А если у тебя боль в груди.
Вызовите врача, оставайтесь дома.
Кристина остается дома, пятый день остается дома. Ей приносят апельсины и мед, только мед горячий на языке, а апельсины пресные, никакие. Мама говорила, что при температуре не стоит есть – разве что-то легкое, йогурт там, а потом нужно потихонечку набирать вес, входить в силу. В Кристине сорок четыре килограмма. Кристина ест апельсины, терпит горечь. Даже рассматривала язык в зеркале в ванной – может, там воспаление какое-то, царапины. Но он бело-розовый, обычный на взгляд, никаких ранок. А апельсины – просто, просто испортился вкус, разонравился, бывает так. В семь лет Кристина любила шоколадные конфеты «Белочка», могла целую вазочку съесть, а потом красные пятна диатеза расчесывать, а недавно нарочно купила в «Перекрестке», так и проглотить не смогла, как откусила. Мерзкое, темное, неразборчивое.
Может, уже?
Кристина слушает напряженно, внимательно.
Ваш номер в очереди:
Тридцать пять.
Тридцать четыре.
Тридцать один.
Через несколько месяцев ей будет тридцать один, а что значит – ничего не значит, раньше думала, что будет плакать, не захочет себя помыслить после тридцати, а вот же: все так же любит мороженое, кошек, остановившиеся карусели.

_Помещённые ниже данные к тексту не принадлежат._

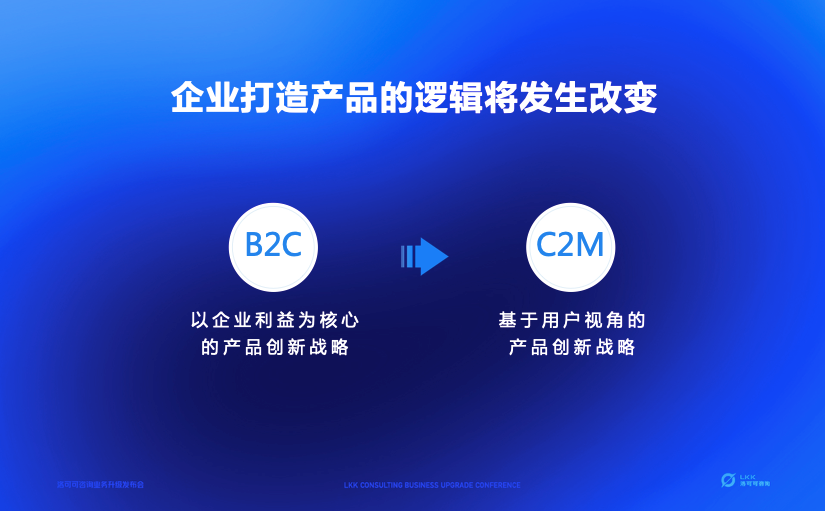 企业打造产品的逻辑已经发生改变。传统的工业时代,B2C模式占据主导,产品创新战略以企业利益为核心,企业往往站在经营视角俯视消费者,B在前C在后。互联网时代,物质极大丰富,C端选择权被充分释放,用户变得更聪明、更专业、更具个性主张、更懂自己的需求、更有自己的见解,于是C2M模式将成为主流。未来,基于用户视角的产品创新战略,比传统上以企业利益为核心的产品创新战略更有优势,能够全方位经营用户的整个生命周期。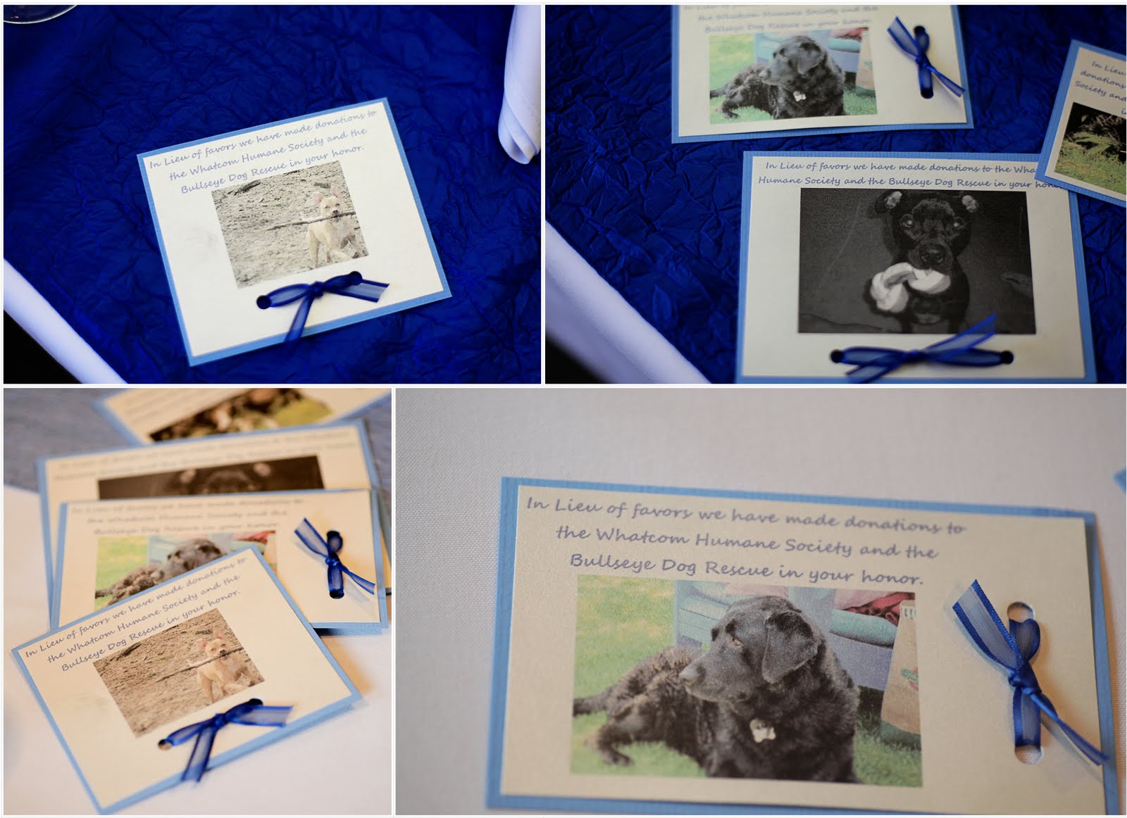 Any "do it yourself" ideas or creations? "In leiu of favors we donated money to the whatcom humane society and the bullseye rescue in seattle. we made cute cards to put on each table with pictures of all of our families different dogs and of course our own."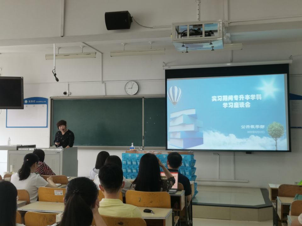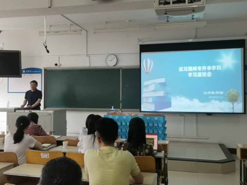 6月12日上午,公共教学部在1号教学楼403教室组织召开“实习期间专升本学科学习座谈会”。座谈会由公共教学部副主任任俊莲主持,副校长蒋继国应邀参加,公共教学部党总支书记李岩、副书记孙蕊、专升本考试科目教师及我校2020级部分学生代表与会。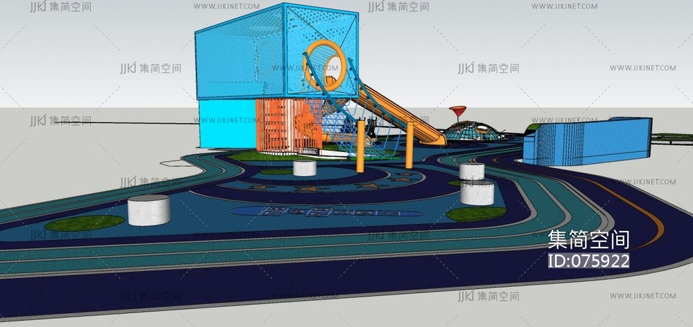 64现代儿童游乐园,滑梯,障碍设施 su草图模型下载 [模型ID:75922]

Кристина прочитала, что при одышке нужно дышать по треугольнику.
Может быть, для того вальс включили.
А как дышать по треугольнику, что представлять?
Закрывает глаза, представляет, как вот это все, что есть внутри, легкие и трахея, отделяются от тела и описывают треугольник в воздухе – как на той картине Фриды Кало, где над ней на кровавых привязях-пуповинах матка и ребенок. Но только у Кристины вовсе ничего не привязано – так, над ней, сверху; без ничего, без ленточек.
Помню как.
Треугольником.
Треугольником.
Трахея.
Гортань.
Кольца.
С пальцев давно кольца сняла, когда температура поднялась, – казалось, что впиваются, мешают. Хотя раньше хранили. От боли, от всего.
Помню ли что-то? Помню названия хрящей, но выговорить не смогу – от боли горло словно слиплось, сжалось. Спреем на травах брызнула, не уснула с трубкой возле уха. Спрей пахнет мятой, обжигает. Наверное, нужно что-то еще, хорошее, действенное, но мама только его и покупала. Еще календулой просила рот полоскать, ромашкой.
Сейчас бы встать, прополоскать – только кто будет номер в очереди слушать, хотя и ясно, что быстро-то не выйдет? Все равно страшно отойти. Вдруг именно сейчас?
Ваш номер в очереди –
двадцать восемь.
В двадцать восемь Кристина думала, что не хочет детей. Никогда. Вообще. Что бы сейчас дети думали? Пришлось бы встать, улыбнуться, суп разогреть. И все равно, что лекарство жжет нёбо.
А что, если сказать не смогу, когда трубку поднимут?
Кристина боится. Кристина говорит.
А что говорить, когда нечего? Это может быть стихотворение, это может быть старое стихотворение, но ни одного наизусть не помню.
Дальше Кристина не помнит, даже имя автора не идет на ум, не появляется во рту – точно карамель, о которой думаешь, что не всю еще рассосал, а она – вот, гляди, истаяла, исчезла, только красное пятнышко на языке и осталось. Во рту сухо, но гортань работает, все хорошо со складками и складочками. Нет одышки. Она боится одышки.